TS: How did you and your colleagues choose what to encode in the DNA?
YE: Some were just for fun. We decided to try a French movie called The Arrival of [a] Train [at La Ciotat Station], one of the first movies ever created and, now, the first movie to survive PCR reactions. We encoded a full computer operating system—you could write your article on this operating system. We also put a computer virus on the DNA. We thought it would be fun to put a computer virus on there because you usually think of regular viruses on DNA.
TS: In your study, you mention that the high fidelity of your process is due to “fountain codes.” What exactly are these, and why did you use them?
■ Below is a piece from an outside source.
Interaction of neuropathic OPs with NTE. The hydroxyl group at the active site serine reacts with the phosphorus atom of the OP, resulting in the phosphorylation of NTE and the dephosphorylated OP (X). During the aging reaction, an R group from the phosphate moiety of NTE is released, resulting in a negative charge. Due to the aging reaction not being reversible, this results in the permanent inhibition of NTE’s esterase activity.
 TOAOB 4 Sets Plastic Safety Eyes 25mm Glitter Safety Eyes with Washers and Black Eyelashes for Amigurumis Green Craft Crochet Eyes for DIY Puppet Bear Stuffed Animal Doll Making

YE: We have two challenges when you encode information on DNA. The first is that not all DNA molecules are created equally. If you have a molecule with a long stretch of the same nucleotide, like AAAA, it’s very hard to synthesize this molecule and very hard to replicate it, so it’s not very advisable to do so. The second challenge is that not all DNA molecules are going to make it: some in this enzymatic process are going to basically drop out of the process, and we have to still be able to recover the file. Using fountain codes is one solution that addresses these two problems.
It’s like a Sudoku puzzle. Instead of sending the files directly, we send many hints about the file. . . . We make it so easy that even if you’re missing many of the hints you still can recover the file. This is the same way in which a DNA fountain works. You don’t see all of the molecules, but you can still recover the content of the file. And once you have the file, the computer can generate infinite hints about the file . . . like a fountain. We take each hint, map it into a DNA sequence on the computer, and see whether we like this sequence or not. Does it have the properties we want from a good DNA sequence? If it doesn’t, we discard it.
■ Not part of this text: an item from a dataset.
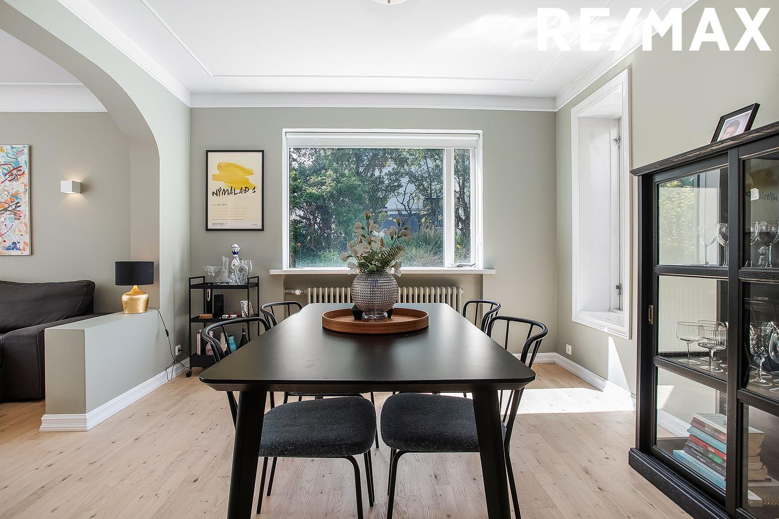 Borðstofa er rúmgóð með parketi á gólfi og þaðan er útgengt út í garð. Opið er á milli borðsstofu og stofu. Fallegir loftalistar og rósetta í kringum loftljós.

The DNA file, itself, is actually many, many hints about the file. There are a few places where small parts of the file are actually there, like the answered cells on a Sudoku grid, but most of the places have these hints about several cells on the grid.
TS: How difficult was it to retrieve files encoded in DNA?
YE: It was super simple. . . . Once we had this idea to use fountain codes everything just fell into place. We started toward the end of May and we had the manuscript ready by the middle of September.
TS: Is it a realistic process? How expensive is it?
YE: Right now, it needs more work . . . Currently it’s like $7,000 for two megabytes of data, but here’s the thing to keep in mind: the $7,000 is for DNA molecules of very good quality, because the supply chain is geared toward synthetic biology applications. But here we have all this redundancy built in, we can tolerate a much larger fraction of errors, so this suggests we can basically go and maybe produce more quick-and-dirty DNA that will be more erroneous, but much cheaper. This way, we can really lower the costs for DNA storage.
Clarification (March 3): The headline of this article has been updated to make clear that the researchers encoded one film and one OS into DNA.